Poor results for Chordino because of a bug which I went over at agonising length in my previous post. This problem is now fixed in Chordino v1.1, so hopefully it’ll be back to its earlier standard in 2016!

Some notes

Neural networks

… are widely-used this year. Several categories contained at least one submission whose abstract referred to a convolutional or recurrent neural network or deep learning, and in at least 5 categories I think a neural network method can reasonably be said to have “won” the category. (Yes I know, MIREX isn’t a competition…)

  • Structural segmentation: convolutional NN performed best
  • Beat tracking: NNs all over the place, definitely performing best
  • Tempo estimation: NN performed best
  • Onset detection: NN performed best
  • Multi-F0: no NNs I think, but it does look as if last year’s “deep learning” submission would have performed better than any of this year’s
  • Chord estimation: NNs present, but not yet quite at the top
  • Key detection: no NNs, indeed no other submissions at all

Categories I missed

  • Audio downbeat estimation: I think I just overlooked this one, for the second year in a row. As last year, I should have submitted the QM Bar & Beat Tracker plugin from Matthew Davies.
  • Real-time audio to score alignment: I nearly submitted the MATCH Vamp Plugin for this, but actually it only produces a reverse path (offline alignment) and not a real-time output, even though it’s a real-time-capable method internally.

Other submissions from the Centre for Digital Music

Emmanouil Benetos submitted a well-performing method, mentioned above, in the Multiple Fundamental Frequency Estimation & Tracking category.

Apart from that, there appear to be none.

This feels like a pity — evaluation is always a pain and it’s nice to get someone else to do some of it.

It’s also a pity because several of the plugins I’m submitting are getting a bit old and are falling to the bottom of the results tables. There are very sound reasons for submitting them (though I may drop some of the less well performing categories next year, assuming I do this again) but it would be good if they didn’t constitute the only visibility QM researchers have in MIREX.
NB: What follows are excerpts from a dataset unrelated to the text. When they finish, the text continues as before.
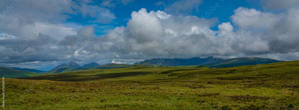 Panoramic view of the green rugged landscape with vast meadows and mountains
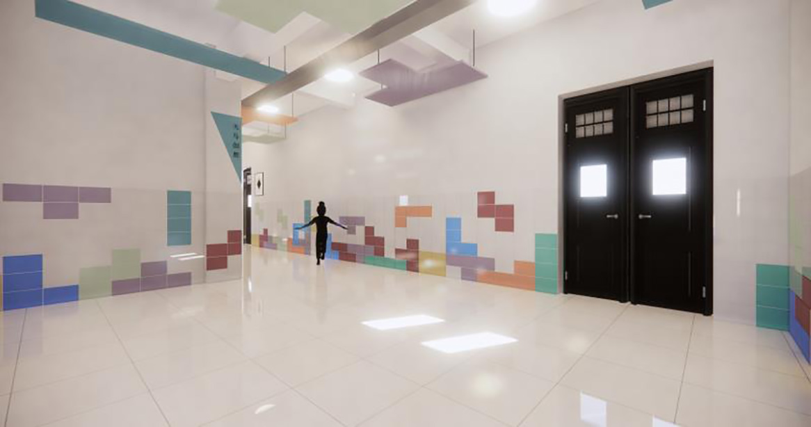 項(xiàng)目組以多彩的俄羅斯方塊和科幻色彩的馬賽克風(fēng)創(chuàng)意巧妙轉(zhuǎn)化,
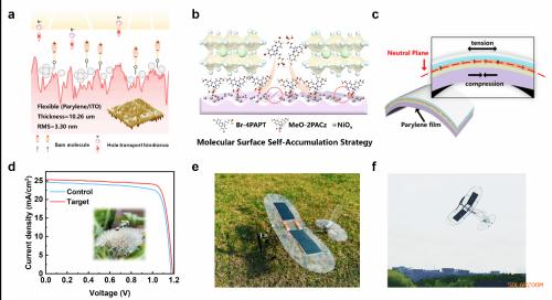 该研究提出一种分子表面自聚集策略,可缓解界面空穴传输的空间异质性问题,同时制备出结晶性能优异的钙钛矿薄膜。将Br-4PAPT分子掺入钙钛矿前驱体溶液,Br-4PAPT分子在钙钛矿结晶驱动下动态扩散并选择性聚集至钙钛矿薄膜的底部界面,与底部的MeO-2PACz协同作用,形成更完整的空穴传输通道。该策略使以聚对二甲苯(parylene)为柔性基底(9 μm)的超薄F-PSCs实现了24.47%的光电转换效率,在超薄柔性钙钛矿光伏领域达到国际先进水平。此外,研究团队还在聚萘二甲酸乙二醇酯(PEN)柔性基底上制备出5×5 cm2的柔性模组,该柔性模组在户外自然光照射下,成功为航模的短途飞行有效供电。结合力学中性面调控,柔性器件具备优异的机械稳定性,在2 mm弯曲半径下弯折循环10000次后,仍能保持初始光电转换效率的91.8%。
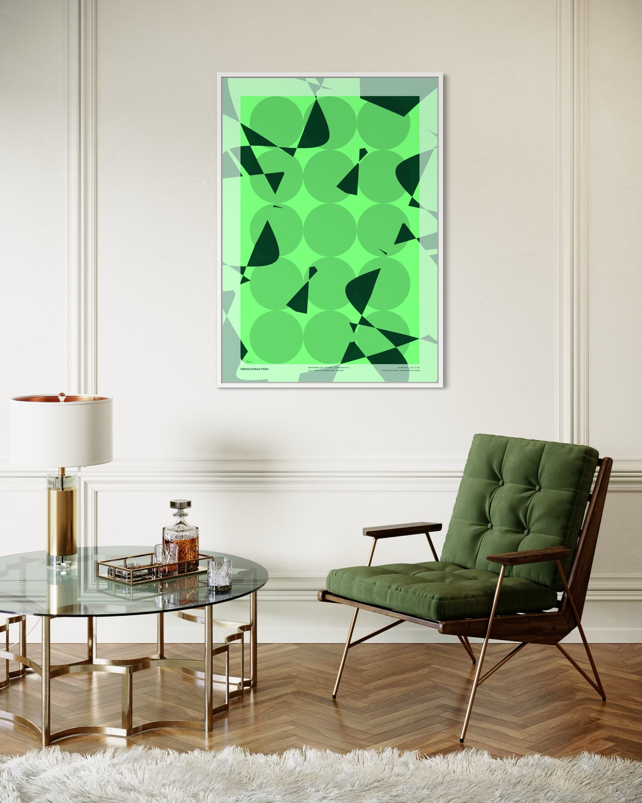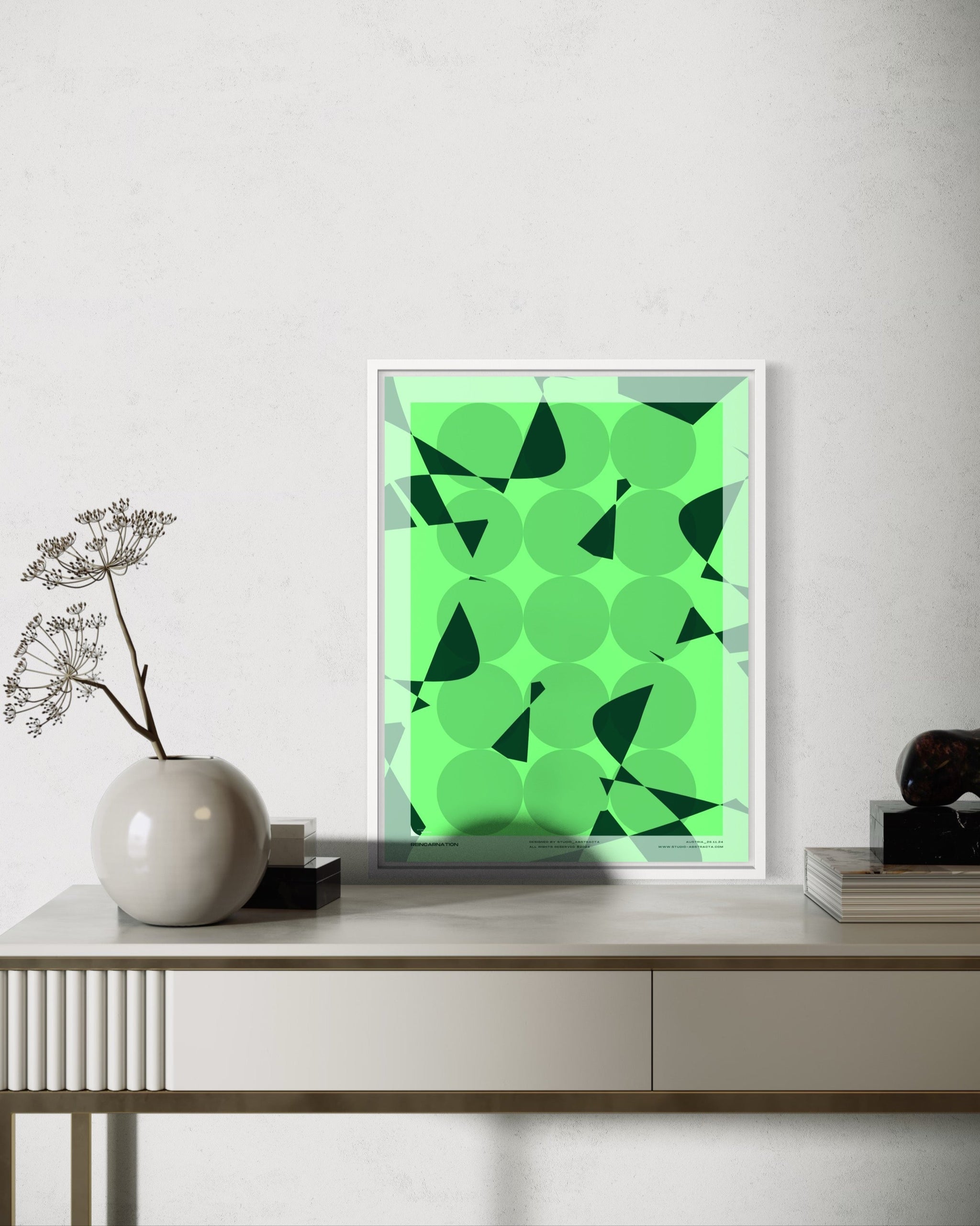 Reincarnation entfaltet sich als leuchtende, energetische Explosion von Grüntönen, die mit kräftigen, geometrischen Formen kombiniert werden. Die grünen Farbtöne, die von hellen bis zu dunklen Nuancen reichen, symbolisieren eine starke Vitalität und einen zyklischen Wandel. Die fließenden, fast organischen Formen kontrastieren mit scharfen, kantigen Elementen und erzeugen eine Atmosphäre, die sowohl lebendig als auch dynamisch wirkt. Diese Komposition erinnert an das ewige Streben nach Erneuerung und Transformation.

Why would this be the case? I don’t really know. The answer presumably must include some or all of

  • not working on music informatics signal-processing research at all
  • working on research that builds on feature extractors, rather than building the feature extractors themselves
  • research not congruent with MIREX tasks (e.g. looking at dynamics or articulations rather than say notes or chords)
  • research uses similar methods but not on mainstream music recordings (e.g. solo singing, animal sounds)
  • state-of-the-art considered good enough
  • lack the background to compete with current methods (e.g. the wave of NNs) and so sticking with progressive enhancements of existing models
  • lack the data to compete with current methods
  • not aware of MIREX
  • not prioritised by supervisor

The last four reasons would be a problem, but the rest might not be. It could really be that MIREX isn’t very relevant to the people in this group at the moment. I’ll have to see what I can find out.